===== Recorded information =====

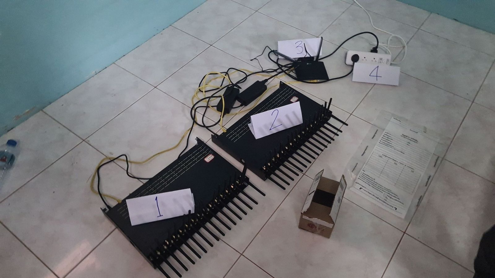 ต่อมา เมื่อประมาณเดือน ธ.ค.67 เจ้าหน้าที่ตำรวจ กก.6 บก.ป. ได้รับการประสานจากเจ้าหน้าที่ ศูนย์ปฏิบัติการแก้ไขปัญหาอาชญากรรมออนไลน์หรือ (AOC) ว่าได้ทำการตรวจสอบข้อมูลพบว่าในพื้นที่ อ.สะเดา จ.สงขลา มีการติดตั้งเครื่อง SIM BOX อีก จึงได้ทำการสืบสวนและได้ขออนุมัติหมายค้นจากศาลจังหวัดนาทวี เพื่อค้นอาคารหลังหนึ่ง โดยศาลจังหวัดนาทวีได้อนุมัติหมายค้นดังกล่าว จนเจ้าหน้าที่ตำรวจ กก.6 บก.ป. สามารถตรวจยึดอุปกรณ์ SIM BOX ได้อีกจำนวน 2 เครื่อง และได้ขยายผลเพิ่มเติมเพื่อดำเนินคดีกับผู้ต้องหาในเครือข่ายต่อไป
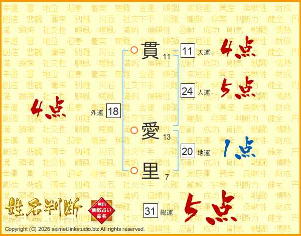 貫愛里さんの総運は31画の5点!
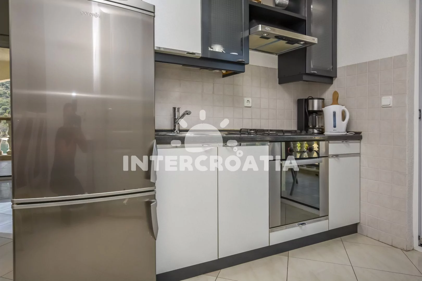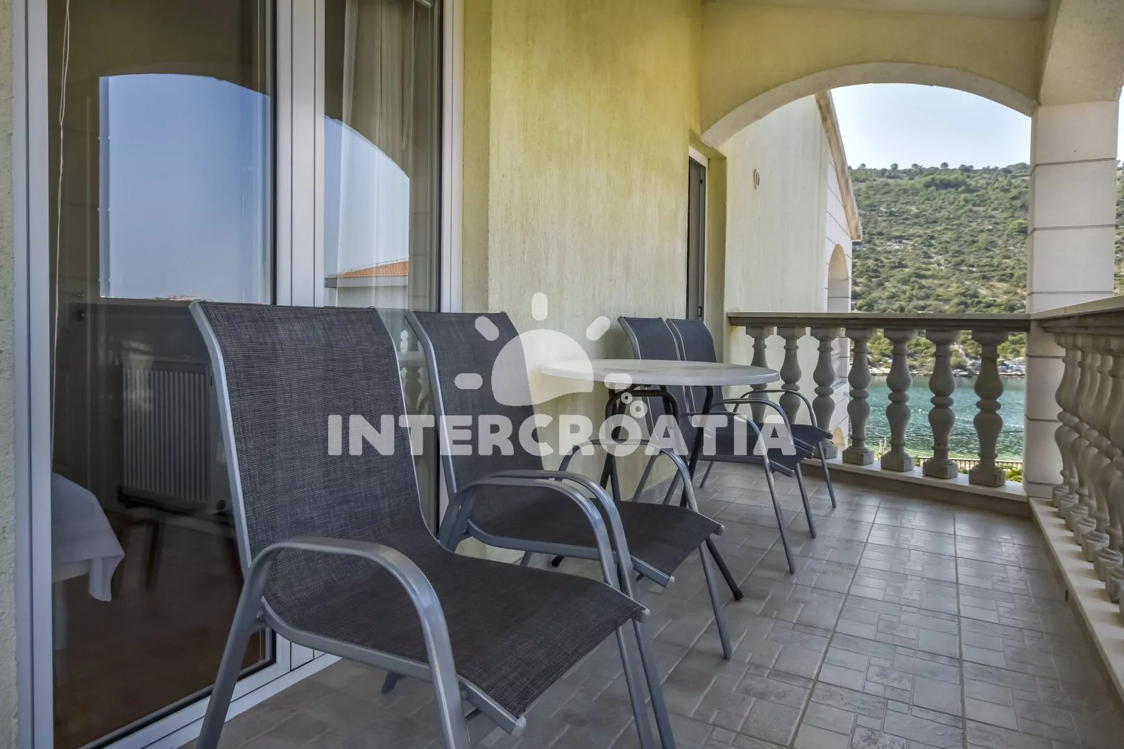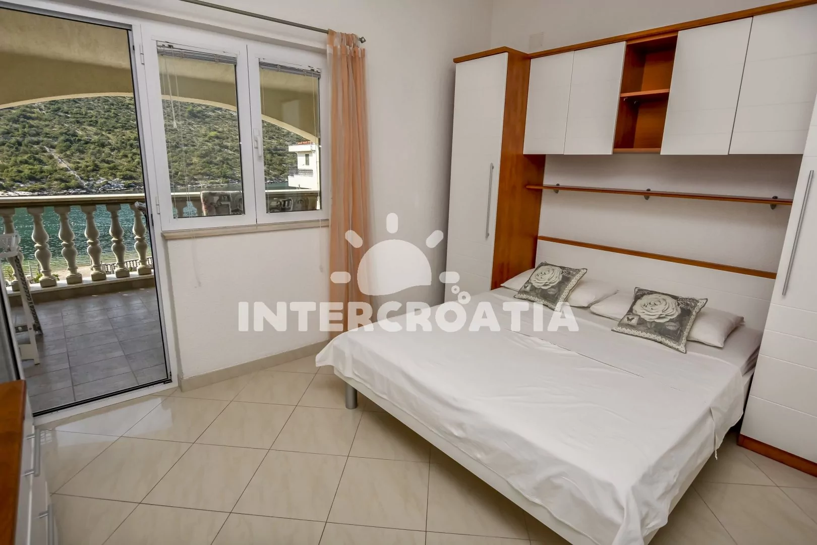 Apartmán (60 m2) s terasou, balkonem a výhledem na moře se nachází v 2. patře domu a je vhodný pro 4 osoby. Kuchyňská linka je vybavena varnou deskou, digestoří, vestavěnou troubou, rychlovarnou…
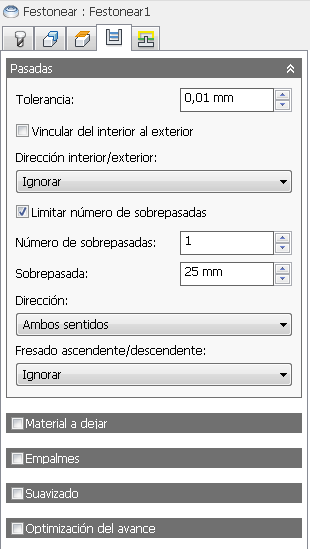 Para las operaciones de acabado, el valor por defecto es 0 mm (0 pulg.), es decir, no se deja material.
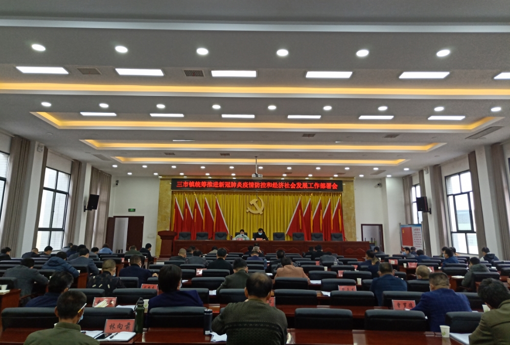 2月26日,三市镇召开统筹推进新冠肺炎疫情防控和经济社会发展工作部署会,全体办村干部、各村支部书记、卫生院等相关部门代表参加。会议由党委书记谭晓峰主持。

=====

#### Task directions
The material is to be reproduced verbatim, and no picture may appear in the copy.

#### Task output
 ต่อมา เมื่อประมาณเดือน ธ.ค.67 เจ้าหน้าที่ตำรวจ กก.6 บก.ป. ได้รับการประสานจากเจ้าหน้าที่ ศูนย์ปฏิบัติการแก้ไขปัญหาอาชญากรรมออนไลน์หรือ (AOC) ว่าได้ทำการตรวจสอบข้อมูลพบว่าในพื้นที่ อ.สะเดา จ.สงขลา มีการติดตั้งเครื่อง SIM BOX อีก จึงได้ทำการสืบสวนและได้ขออนุมัติหมายค้นจากศาลจังหวัดนาทวี เพื่อค้นอาคารหลังหนึ่ง โดยศาลจังหวัดนาทวีได้อนุมัติหมายค้นดังกล่าว จนเจ้าหน้าที่ตำรวจ กก.6 บก.ป. สามารถตรวจยึดอุปกรณ์ SIM BOX ได้อีกจำนวน 2 เครื่อง และได้ขยายผลเพิ่มเติมเพื่อดำเนินคดีกับผู้ต้องหาในเครือข่ายต่อไป
 貫愛里さんの総運は31画の5点!
 Apartmán (60 m2) s terasou, balkonem a výhledem na moře se nachází v 2. patře domu a je vhodný pro 4 osoby. Kuchyňská linka je vybavena varnou deskou, digestoří, vestavěnou troubou, rychlovarnou…
 Para las operaciones de acabado, el valor por defecto es 0 mm (0 pulg.), es decir, no se deja material.
 2月26日,三市镇召开统筹推进新冠肺炎疫情防控和经济社会发展工作部署会,全体办村干部、各村支部书记、卫生院等相关部门代表参加。会议由党委书记谭晓峰主持。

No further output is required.